**EXERCISE INPUT**.
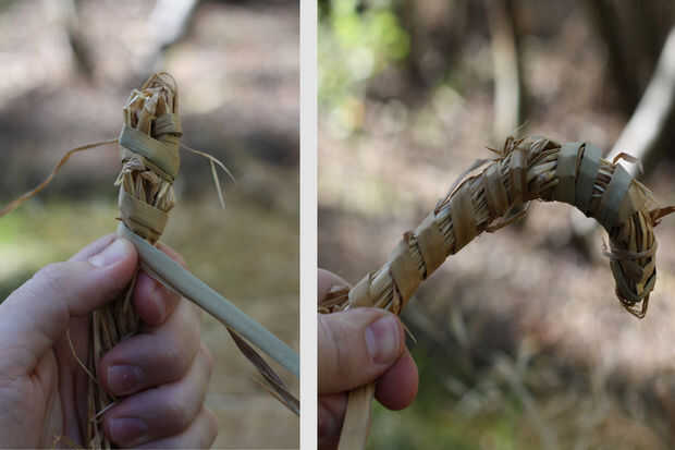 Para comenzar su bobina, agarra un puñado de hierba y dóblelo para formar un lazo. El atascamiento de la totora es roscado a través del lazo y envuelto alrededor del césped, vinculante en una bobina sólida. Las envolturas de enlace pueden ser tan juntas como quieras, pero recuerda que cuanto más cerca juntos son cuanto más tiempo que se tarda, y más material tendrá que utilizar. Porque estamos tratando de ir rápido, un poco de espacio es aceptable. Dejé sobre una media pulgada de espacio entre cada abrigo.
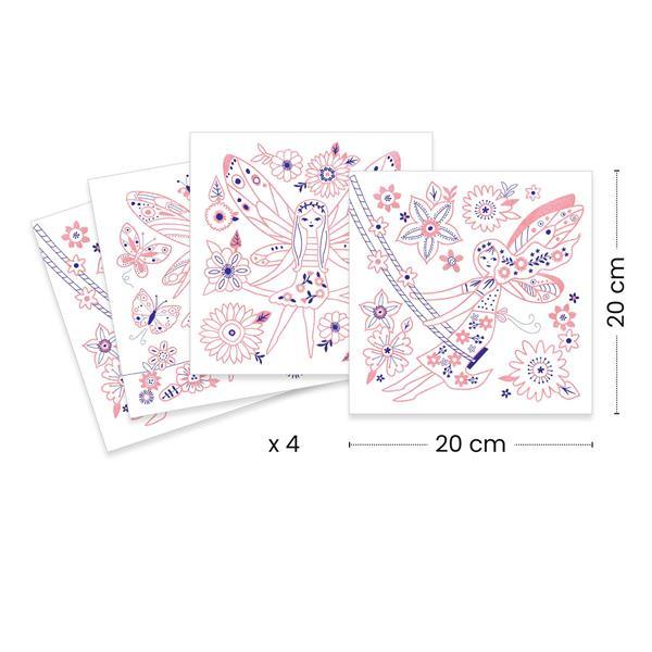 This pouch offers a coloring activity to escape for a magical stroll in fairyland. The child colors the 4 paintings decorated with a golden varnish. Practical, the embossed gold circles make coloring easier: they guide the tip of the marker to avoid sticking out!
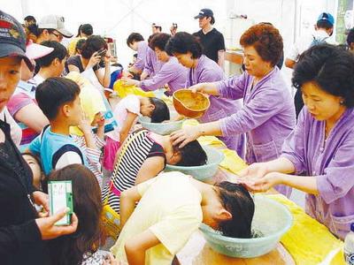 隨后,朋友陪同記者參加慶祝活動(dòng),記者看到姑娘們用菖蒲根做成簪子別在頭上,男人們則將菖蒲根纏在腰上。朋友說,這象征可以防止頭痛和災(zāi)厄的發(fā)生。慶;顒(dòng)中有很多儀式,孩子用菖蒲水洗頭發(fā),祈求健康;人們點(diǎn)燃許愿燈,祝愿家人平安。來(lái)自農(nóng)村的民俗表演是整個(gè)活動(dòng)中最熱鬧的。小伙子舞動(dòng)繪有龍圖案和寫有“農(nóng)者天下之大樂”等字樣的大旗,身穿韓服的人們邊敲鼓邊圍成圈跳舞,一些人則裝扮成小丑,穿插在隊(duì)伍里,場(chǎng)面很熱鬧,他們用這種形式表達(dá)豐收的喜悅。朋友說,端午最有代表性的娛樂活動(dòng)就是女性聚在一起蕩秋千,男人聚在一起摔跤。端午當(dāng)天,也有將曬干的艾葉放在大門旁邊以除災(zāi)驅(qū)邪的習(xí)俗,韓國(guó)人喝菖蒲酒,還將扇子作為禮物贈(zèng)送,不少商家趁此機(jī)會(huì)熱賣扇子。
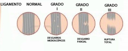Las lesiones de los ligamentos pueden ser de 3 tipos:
* * *
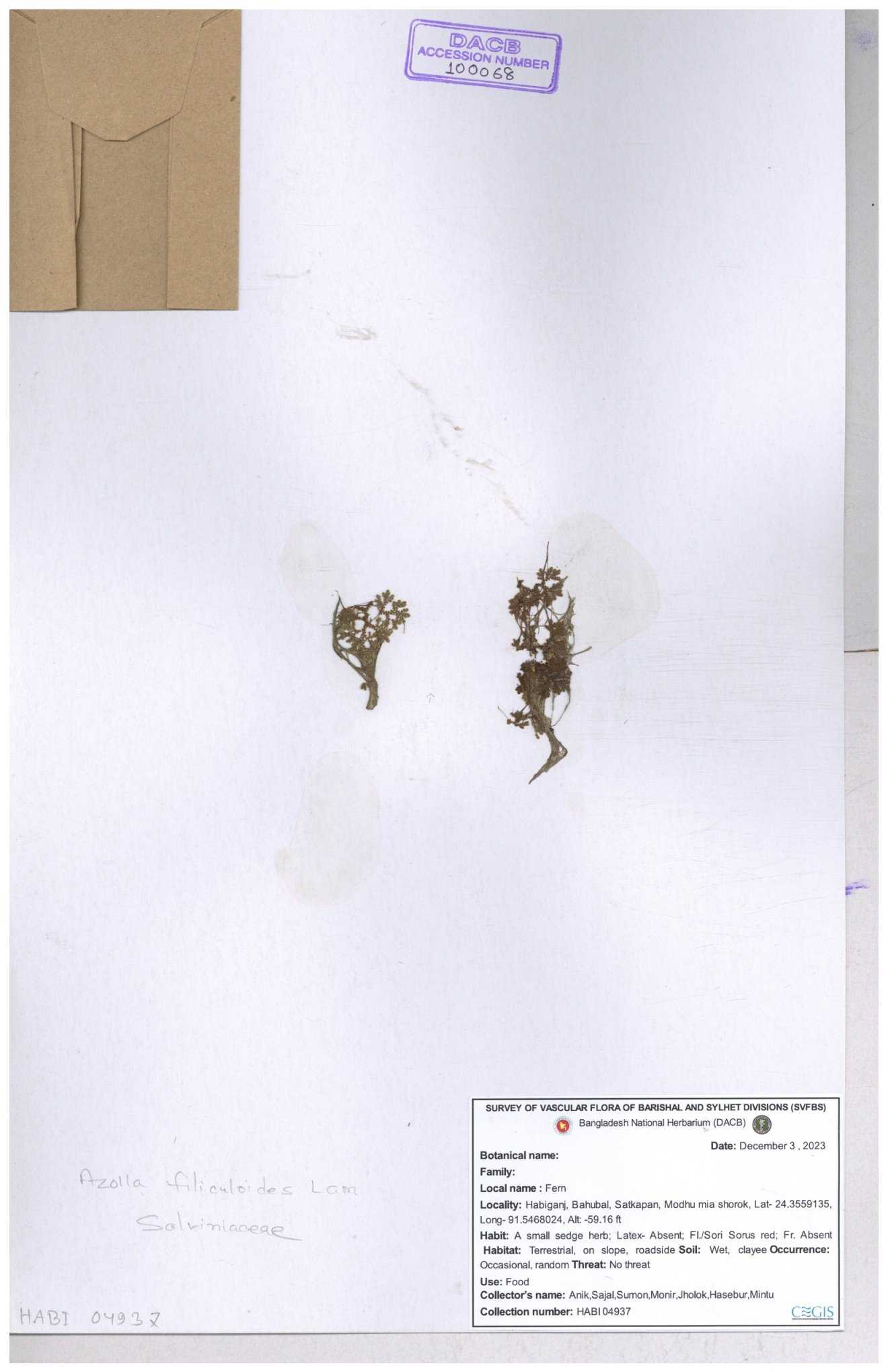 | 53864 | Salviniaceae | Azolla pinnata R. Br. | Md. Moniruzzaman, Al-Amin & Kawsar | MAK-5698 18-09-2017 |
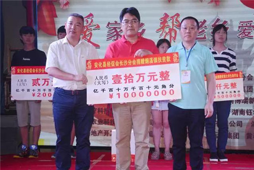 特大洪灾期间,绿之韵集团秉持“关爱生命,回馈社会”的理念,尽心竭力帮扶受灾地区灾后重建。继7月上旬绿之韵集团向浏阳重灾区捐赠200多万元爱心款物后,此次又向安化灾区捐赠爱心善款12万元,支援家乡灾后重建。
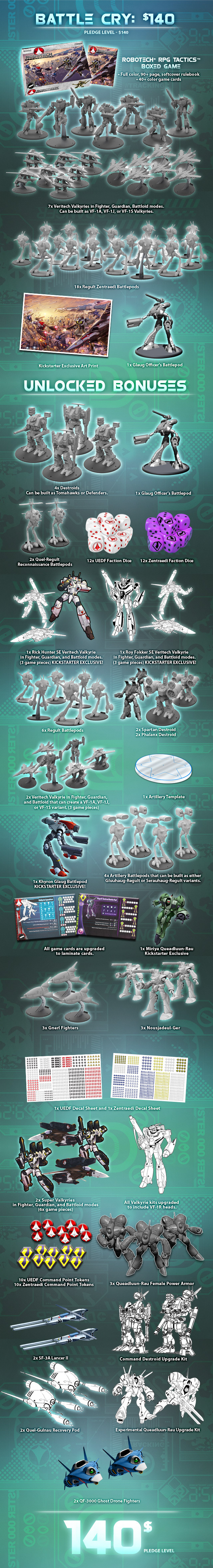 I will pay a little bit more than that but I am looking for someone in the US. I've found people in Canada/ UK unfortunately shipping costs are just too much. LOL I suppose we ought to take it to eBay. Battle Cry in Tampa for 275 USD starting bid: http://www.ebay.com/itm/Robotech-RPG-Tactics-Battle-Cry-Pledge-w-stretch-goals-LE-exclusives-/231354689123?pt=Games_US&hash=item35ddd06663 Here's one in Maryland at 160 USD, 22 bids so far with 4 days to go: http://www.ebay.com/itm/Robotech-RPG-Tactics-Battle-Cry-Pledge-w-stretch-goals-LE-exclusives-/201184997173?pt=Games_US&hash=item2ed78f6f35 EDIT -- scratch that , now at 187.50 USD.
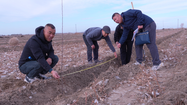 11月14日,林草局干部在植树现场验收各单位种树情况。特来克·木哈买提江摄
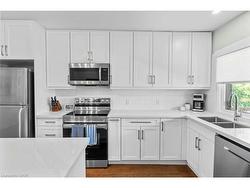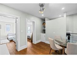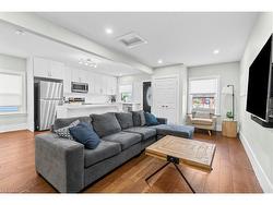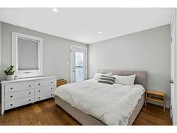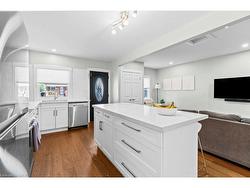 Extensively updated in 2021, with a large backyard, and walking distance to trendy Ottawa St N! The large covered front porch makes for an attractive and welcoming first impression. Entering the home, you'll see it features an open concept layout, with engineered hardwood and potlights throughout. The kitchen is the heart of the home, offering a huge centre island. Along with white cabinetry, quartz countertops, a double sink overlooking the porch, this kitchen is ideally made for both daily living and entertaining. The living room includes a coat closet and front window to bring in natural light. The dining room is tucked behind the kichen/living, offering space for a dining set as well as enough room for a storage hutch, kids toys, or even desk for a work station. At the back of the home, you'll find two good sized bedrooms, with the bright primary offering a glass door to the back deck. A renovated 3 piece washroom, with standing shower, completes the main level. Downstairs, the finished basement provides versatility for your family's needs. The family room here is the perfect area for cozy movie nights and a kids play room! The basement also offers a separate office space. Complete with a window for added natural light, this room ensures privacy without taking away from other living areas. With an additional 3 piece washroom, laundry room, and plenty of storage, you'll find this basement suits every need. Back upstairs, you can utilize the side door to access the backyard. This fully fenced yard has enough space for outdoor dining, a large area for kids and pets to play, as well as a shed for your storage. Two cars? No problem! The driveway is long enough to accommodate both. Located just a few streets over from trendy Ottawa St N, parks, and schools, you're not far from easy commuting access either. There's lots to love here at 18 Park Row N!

**TASK DESCRIPTION**.
Going by the data above, the answer is exactly the lines from the one holding "隨后,朋友陪同記者參加慶祝活" to the one holding "Las lesiones de", both kept, with the pictures left out.

**FINISHED EXERCISE**.
 隨后,朋友陪同記者參加慶祝活動(dòng),記者看到姑娘們用菖蒲根做成簪子別在頭上,男人們則將菖蒲根纏在腰上。朋友說,這象征可以防止頭痛和災(zāi)厄的發(fā)生。慶;顒(dòng)中有很多儀式,孩子用菖蒲水洗頭發(fā),祈求健康;人們點(diǎn)燃許愿燈,祝愿家人平安。來(lái)自農(nóng)村的民俗表演是整個(gè)活動(dòng)中最熱鬧的。小伙子舞動(dòng)繪有龍圖案和寫有“農(nóng)者天下之大樂”等字樣的大旗,身穿韓服的人們邊敲鼓邊圍成圈跳舞,一些人則裝扮成小丑,穿插在隊(duì)伍里,場(chǎng)面很熱鬧,他們用這種形式表達(dá)豐收的喜悅。朋友說,端午最有代表性的娛樂活動(dòng)就是女性聚在一起蕩秋千,男人聚在一起摔跤。端午當(dāng)天,也有將曬干的艾葉放在大門旁邊以除災(zāi)驅(qū)邪的習(xí)俗,韓國(guó)人喝菖蒲酒,還將扇子作為禮物贈(zèng)送,不少商家趁此機(jī)會(huì)熱賣扇子。
Las lesiones de los ligamentos pueden ser de 3 tipos:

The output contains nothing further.